Brucella abortus/Brucella melitensis: Standard necropsies for B. abortus-infected cattle and B. melitensis-infected goats at the National Animal Disease Center recover supramammary, prescapular, and parotid lymph node tissue, both for the grinding for the bacterial enumeration and for the RNA preparation for the host RNA expression profiling. B. abortus can be regularly recovered in each of these lymph nodes in experimentally infected cattle⁹_. The presence of bacteria in each of these lymph node types can be detected in B. melitensis-infected goats up to at least nine months post-infection using the RNA-based methodologies from our studies (Boggiatto et al., unpublished). Salmonella sp.: The prescapular, subiliac (prefemoral), and mesenteric lymph nodes have been useful during the profiling of cattle carcasses for a Salmonella prevalence^10,11,12 and would be of potential interest for transcriptomic studies. E. coli O157:H7: Mesenteric lymph nodes (at the middle small intestine and distal small intestine locations) can be the sites of an occasional recovery of the bacteria in infected calves (but not in infected adult cattle)¹³. Leptospirosis (Leptospira sp.): A chronic persistence of the bacteria has been observed in the lymph nodes draining the mammary gland¹⁴. Mycobacterium bovis: In cattle, the bacteria have been recovered post-experimental infection from the mediastinal and tracheobronchial lymph nodes of calves¹⁵. Additionally, lymph node RNA has been utilized to examine large animal host responses to viruses, such as the porcine reproductive and respiratory syndrome virus². Figure 2 depicts the location of a subset of these major lymph nodes in the cattle body.

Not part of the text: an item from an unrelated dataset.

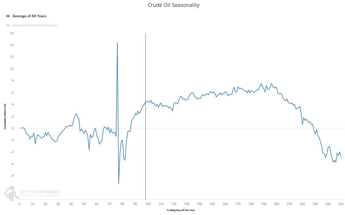 In the bullish camp however is seasonality, of which the summer months in the northern hemisphere have generally been supportive of higher oil consumption and thus higher prices.
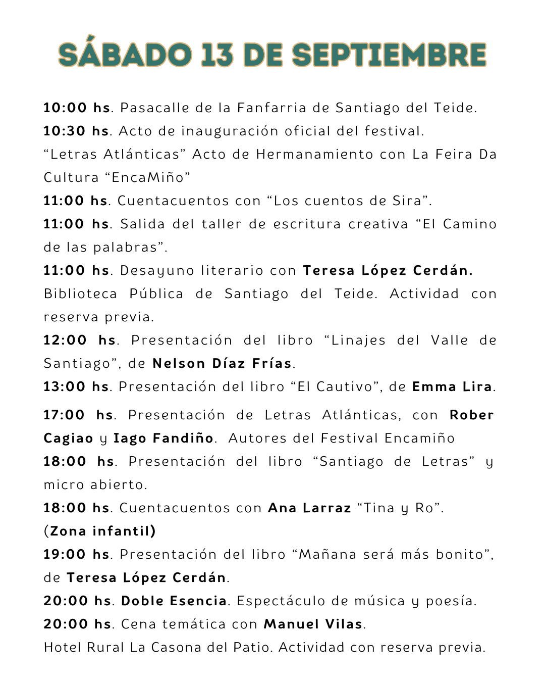 The Santiago de Letras Festival is now ready for its first edition, which will be held on September 12, 13, and 14, 2025, in Santiago del Teide. With a diverse, intense, and vibrant program, the festival will transform our municipality into a true literary oasis, bringing together prominent names in Spanish fiction, local authors, poets, readers, and lovers of the word.

Figure 2: Cartoon depicting selected lymph node locations in Bos taurus. The numbered lymph nodes are annotated. Please click here to view a larger version of this figure.

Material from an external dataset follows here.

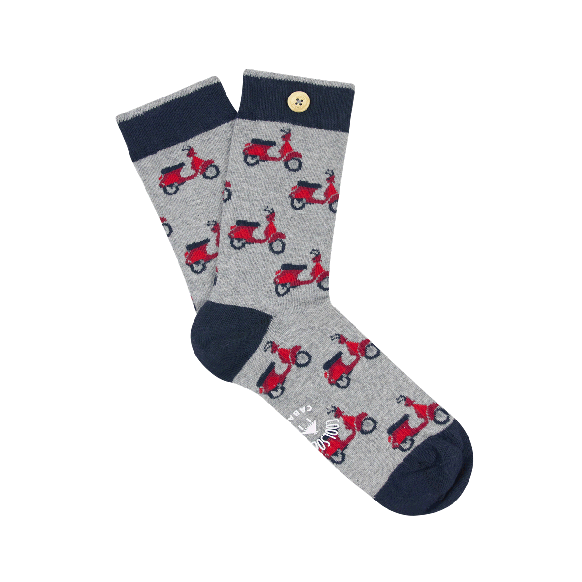 Die Socken verfügen über eine hübsche graue Palette mit dunkleren Farbdetails für Fuss, Ferse und Oberkante. Rote Scooter-Designs verleihen diesen Socken einen Hauch von Persönlichkeit. Ein kleiner Holzknopf ist an einer Socke, nahe der Spitze, für ein schönes dekoratives Detail angebracht.

In this paper and the associated video, we present a protocol for the isolation of large animal lymph nodes for RNA studies, designed to be informative for molecular biologists involved in transcriptomic studies of large animal infections. First, we provide an overview of the isolation procedure for the lymph nodes, using sampling from bovine and bison tissues as examples. Paired with this demonstration, as displayed in the video, is a workflow for a reproducible tissue sampling for RNA isolation. Next, we describe important considerations for the processing of an infected lymph node, with a focus on safety, consistency, and RNA quality.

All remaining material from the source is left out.